Потом пришел великолепный, снисходительный в белых гетрах, в очень
толстом вязаном жилете артист Московского драматического театра Гришка
Фабер. Вот кто нисколько не переменился! С таким видом, как будто все, что
происходит в этом зале, относится только к нему, он шикарно расцеловал
юбиляра в обе щеки и сел, заложив ногу за ногу. Он сразу занял очень много
места в президиуме, и стало казаться, что это его юбилей, а вовсе не
Кораблева. С туманным видом он посмотрел на публику, потом вынул гребешок
и причесался. Я написал ему записку: "Гришка, подлец, здорово!" Он
прочитал и, снисходительно улыбаясь, помахал мне рукой.
Это был превосходный вечер, и он был так хорош потому, что все, кто
выступал, говорили чистую правду. Никто не врал - без сомнения потому, что
о Кораблеве не трудно было говорить чистую правду, - ведь он никогда и не
требовал ничего другого от своих учеников.

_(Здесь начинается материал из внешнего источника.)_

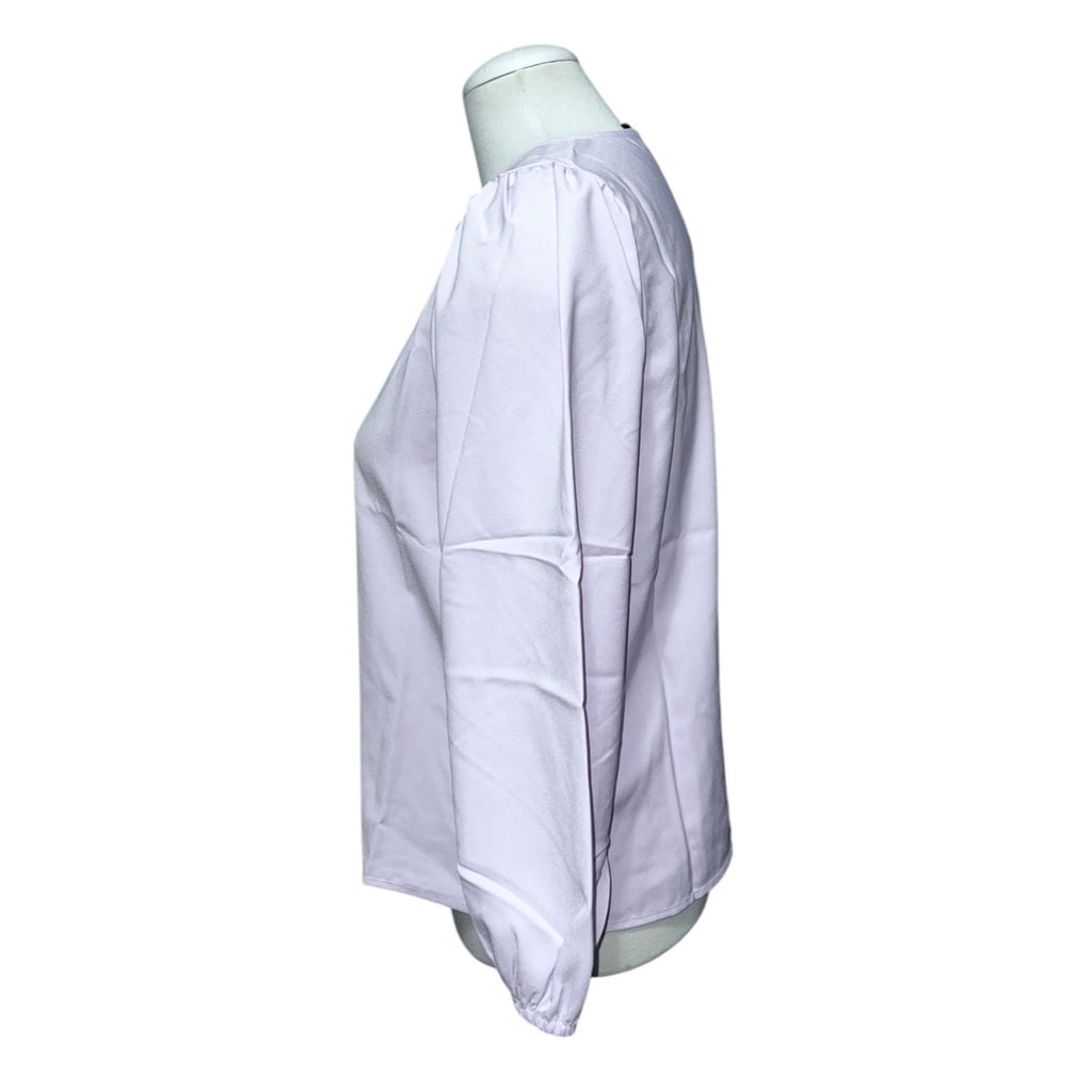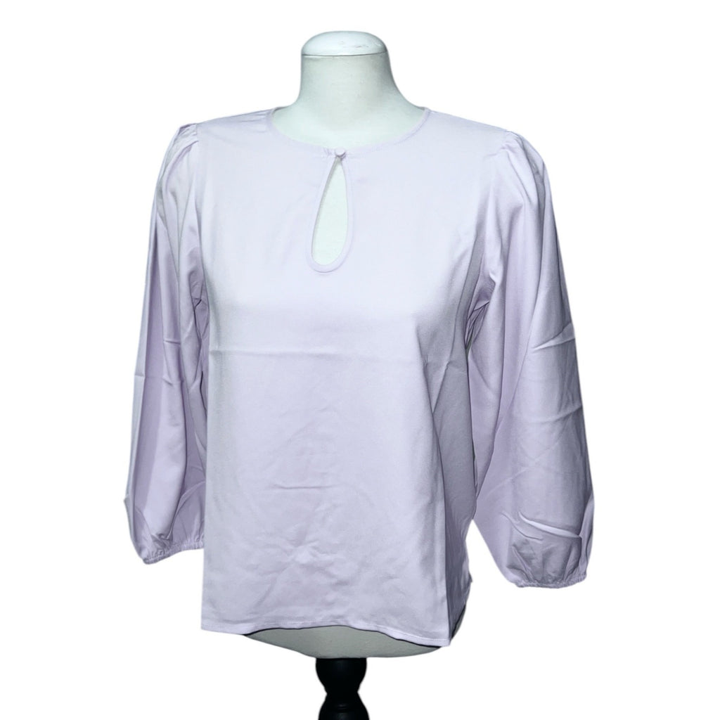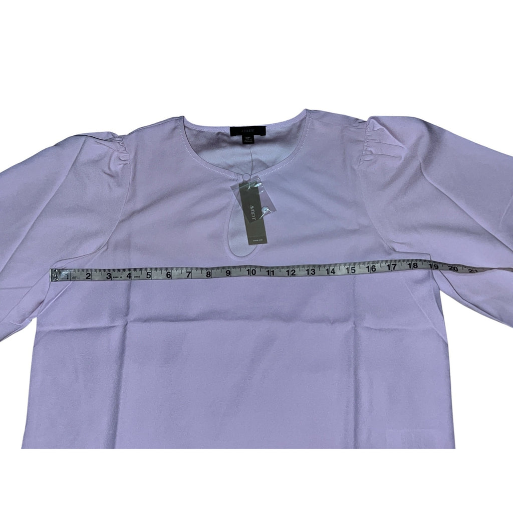Elevate your wardrobe with this elegant J. Crew brand new ligtht purple blouse, featuring a stylish keyhole neckline and long, flowing sleeves. Crafted from 100% polyester, it offers both comfort and durability. Ideal for adding a touch of sophistication to any outfit, day or night.

Я бы хотел, чтобы через двадцать пять лет работы обо мне говорили
так, как об Иване Павлыче в этот вечер.
От родителей, от выпуска тридцать первого года, от рабочих мебельной
фабрики, от райсовета, от гороно! Все с цветами - и одна корзина больше
другой. Но вот председатель объявил, что "от имени актеров, вышедших из
стен нашей школы, сейчас выступит Григорий Иванович Фабер", и два здоровых
парня принесли такую корзину, что все ахнули, - шепот так и побежал по
рядам.
Гришка встал. Как всегда, он говорил прекрасно, только слишком орал,
и мне показалось странным, что в театре его не научили говорить потише. Он
назвал Ивана Павлыча "учителем жизни в искусстве" и добавил, что лично для
него это сыграло огромную роль. Потом он еще раз расцеловал Кораблева и
сел, очень довольный собой.
Цветов на эстраде становилось все больше, и Иван Павлыч сидел очень
красный и время от времени растерянно поправлял усы. Кажется, он
стеснялся, что чувствует себя таким счастливым. Когда его хвалили, у нем
становились страдающие глаза.
Потом выступил лейтенант, который в наше время учился в каком-то там
пятом классе, и сказал, что, поскольку товарищ Фабер говорил от имени
артистов, он позволит себе произнести приветствие от имени курсантов и
командиров Рабоче-крестьянской Красной Армии, также вышедших из стен этой
школы.
- Дорогой Иван Павлыч, - сказал я, когда председатель дал мне слово,
- теперь позвольте мне сказать от имени летчиков, потому что немало ваших
учеников летают над нашей великой Советской страной, и все они без
сомнения, присоединятся к каждому моему слову. Говорят, что писатели -
инженеры человеческих душ. Но вы - тоже инженер человеческих душ. Однажды,
например, проснувшись рано утром, я обнаружил, что мой сосед, не
отрываясь, смотрит на потолок, и так внимательно, что даже не отвечает на
мои вопросы. Я проследил за его взглядом и увидел, что на потолке
нарисован черный кружок величиной с полтинник. Это повторилось и на
следующий день. Два месяца мой сосед каждое утро смотрел на этот черный
кружок. Как вы думаете, зачем он это делал? Конечно, он сам мог бы
ответить на этот вопрос, потому что в данную минуту он является моим
соседом за этим столом. - Валя смущенно засмеялся, а за ним президиум и
весь зал. - Но так и быть - скажу за него: он развивал силу взгляда. Чей
же взгляд так поразил его? Знаменитый взгляд Ивана Павлыча Кораблева.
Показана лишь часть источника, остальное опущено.